### Work order
Please retype the listing below word for word and exclude its images.

### Data
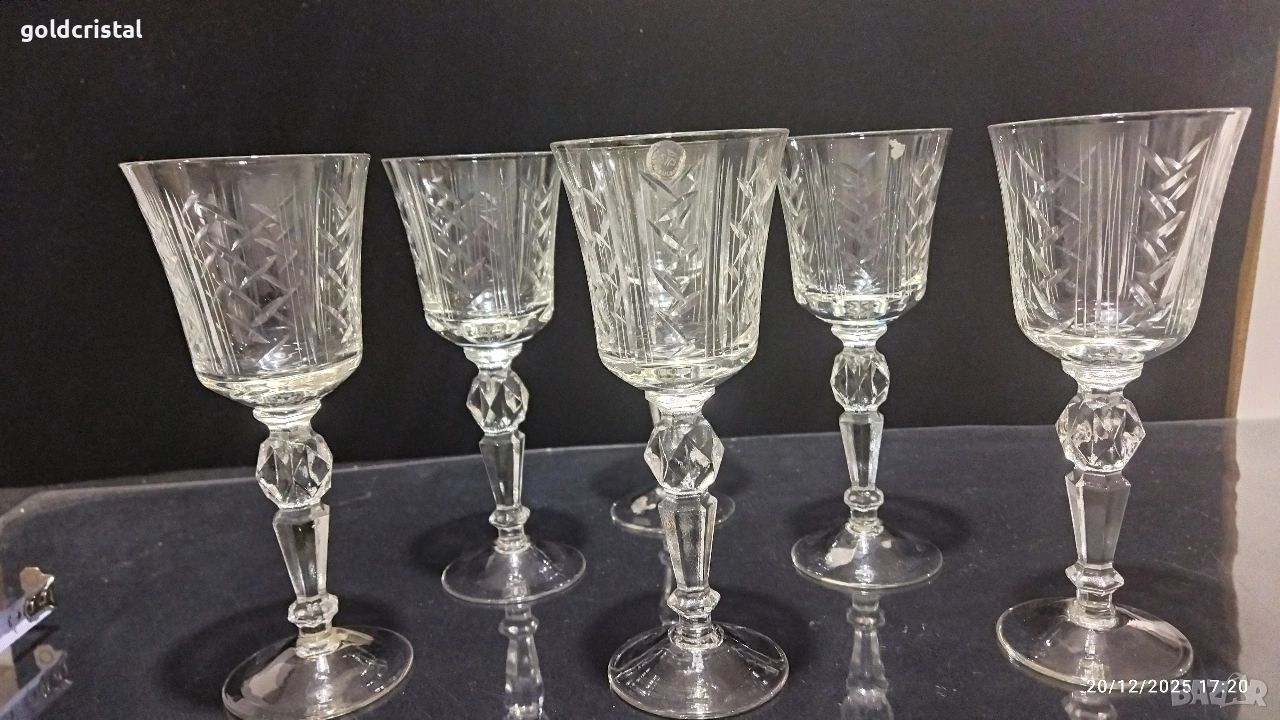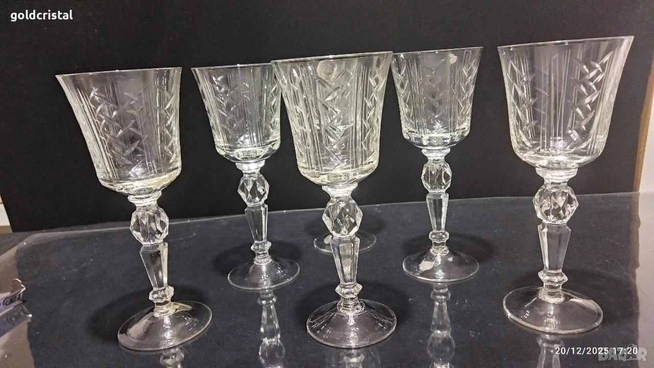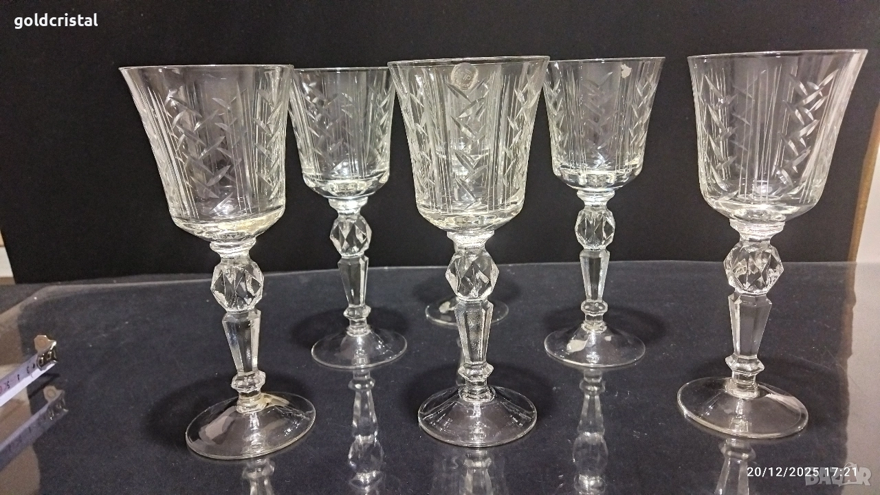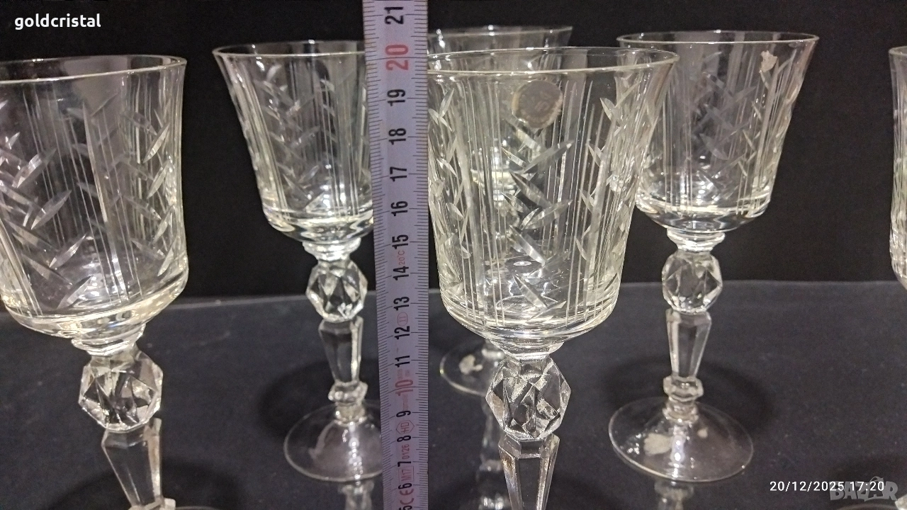 Кристални чаши за вино в кутия български кристал 6 бр-175лв неизползвани сервиз комплект сет лот ретро арт декор винтидж колекция стари антикварни предмети обзавеждане за дома и семейството
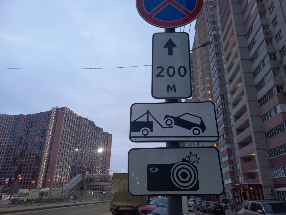 «Выставленные знаки о работе эвакуаторов и фотофиксации, не мешают парковаться на проезжей части улицы Крынина», — комментирует очевидец.
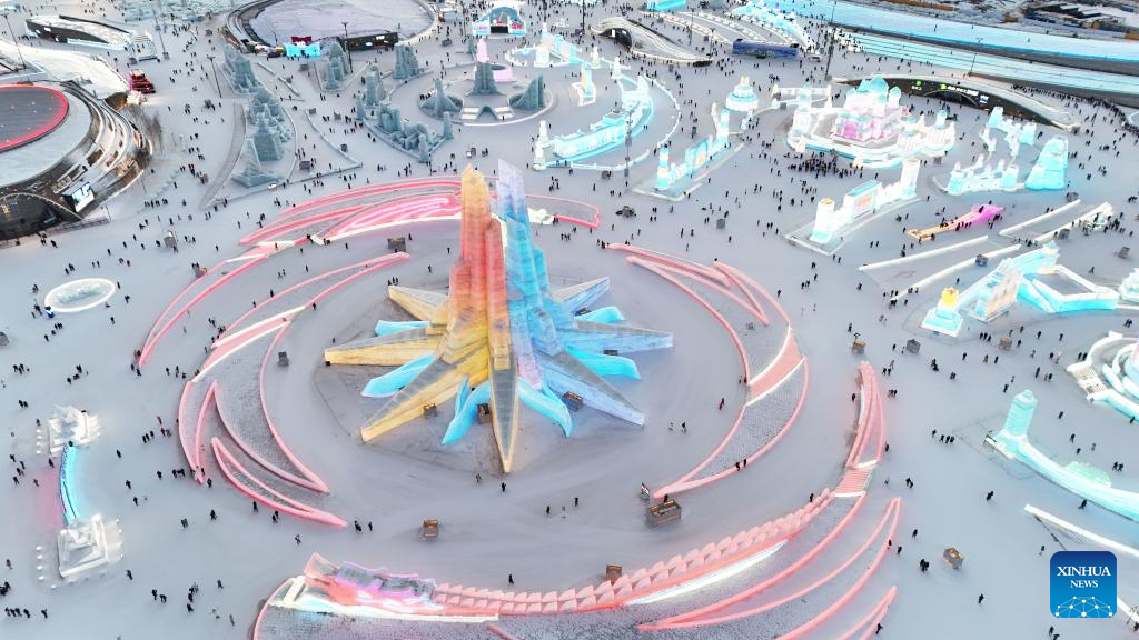 An aerial drone photo shows tourists watching performances at the Harbin Ice-Snow World in Harbin, northeast China's Heilongjiang Province, Feb. 26, 2025. Harbin Ice-Snow World, the world's largest ice-and-snow theme park, officially closed its 26th edition on Wednesday evening in the city of Harbin, capital of China's northernmost Heilongjiang Province, attracting a record-breaking 3.56 million tourist visits, said the park's operator. (Xinhua/Zhang Tao)

### Solved problem
 Кристални чаши за вино в кутия български кристал 6 бр-175лв неизползвани сервиз комплект сет лот ретро арт декор винтидж колекция стари антикварни предмети обзавеждане за дома и семейството
 «Выставленные знаки о работе эвакуаторов и фотофиксации, не мешают парковаться на проезжей части улицы Крынина», — комментирует очевидец.
 An aerial drone photo shows tourists watching performances at the Harbin Ice-Snow World in Harbin, northeast China's Heilongjiang Province, Feb. 26, 2025. Harbin Ice-Snow World, the world's largest ice-and-snow theme park, officially closed its 26th edition on Wednesday evening in the city of Harbin, capital of China's northernmost Heilongjiang Province, attracting a record-breaking 3.56 million tourist visits, said the park's operator. (Xinhua/Zhang Tao)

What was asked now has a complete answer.